Edward Dutton and Richard Lynn have looked at Finnish recruits between 1988 and 2008 and found that intelligence test results for Shapes rose and then dropped very slightly, whilst both Words and Numbers showed early gains but subsequently have fallen more significantly. The end result is that from about 1997 there is a “negative” Flynn effect. It is hard to explain this drop, but dysgenic fertility is possibly part of the picture.

Heiner Rindermann and James Thompson (final editing by Doug Detterman) have looked at the NAEP data in the U.S. from 1970 to 2008 and find that the Flynn effect continues and that racial gaps have closed to some degree. However, the effects are smallest at precisely the ages which matter most, namely among 17 year olds about to enter the workplace or further education. Again, results show less variance. Students are becoming homogenous. The benefits of gap closing policies are mitigated by demographic changes.

Michael Woodley, Aurelio Figueredo, Sacha Brown, and Kari Ross do not lack ambition. They have proposed a larger theory within which the Flynn effect sits, namely that slower life histories lead to more specialised cognitive skills, and these in turn are more weakly integrated.
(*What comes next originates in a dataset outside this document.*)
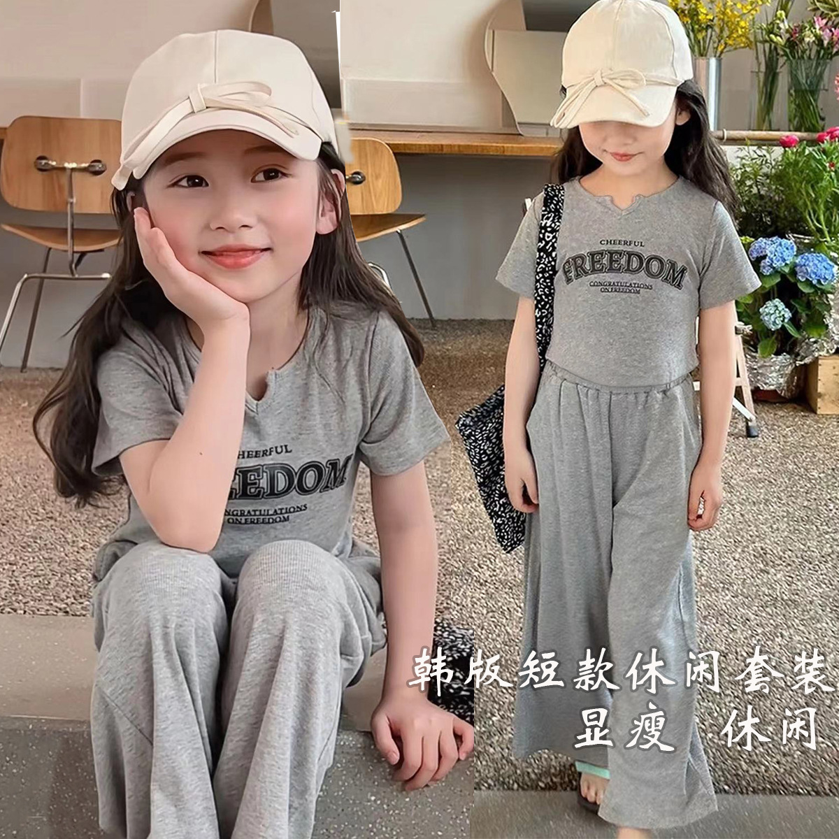소녀 여름 반팔 세트 새로운 어린이 캐주얼 바지 티셔츠 투피스 세트 큰 어린이 스포츠 패션 여름 원피스스토어 가기

They have established a measure of life history speed, and find correlations with some measures of intellect which are small but intriguing, and may lead to further investigation and replication.

Michael Woodley, Jan te Nijenhuis and Reagan Murphy have stepped outside the usual IQ findings and have looked at reaction time, one of the basal correlates of intelligence. If intelligence really has been rising for over a century, then one would expect reactions to stimuli to have speeded up. However, their meta-analysis of simple reaction times since 1884 finds that contemporary reaction times are slower. This is a puzzling result, and although there are always issues about early instrumentation, it is hard to see how those instruments would have been speedier to record responses. They suggest that a portion of the slowing down might be due to dysgenic effects.
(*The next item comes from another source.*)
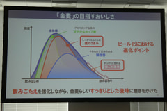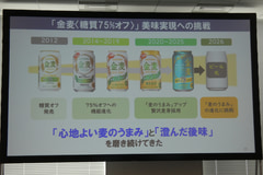 同氏は金麦の進化の歴史を振り返りながら、「麦のうまみ」と「澄んだ後味」に磨きをかけてきたとし、ビール化においてもその2つの特徴が失われないようにこだわったとする。

In deference to ostensive definition and with gratitude for his own contributions to the field, I have invited Jim Flynn to have the final word at the close of the special issue, and give his reflections on the effect which now bears his name.

Copyright © 2013 Elsevier Inc. All rights reserved.


  1. endre bakken stovner30 July 2013 at 19:49

    thanks for the entertaining write-up. can't wait to read the woodley, figueredo et al piece - sounds like a completely new theory, something which seems rare in psychometrics (which probably just means mean much of the science is mature)

  2. I will try to keep posting on the special issue, at least giving abstracts and highlights

  3. It's famous - in spite of which it may well be true - that the Dutch have leapt in height in the last generation (or even two?). So it might be particularly interesting to know how their IQ has done. Why settle for one unexplained phenomenon when you can have two?

  4. I have no particular critical comment to make, and I generally agree. But about the Gerhard Meisenberg & Michael Woodley paper, the authors said that there were some serious limitations, and that's why I tend to be very careful. But most important, is the evidence of lack in measurement invariance with regard to the PISA (link). Thus, I expect the same thing with the TIMSS. But if so, this means that comparison across nations becomes somewhat difficult.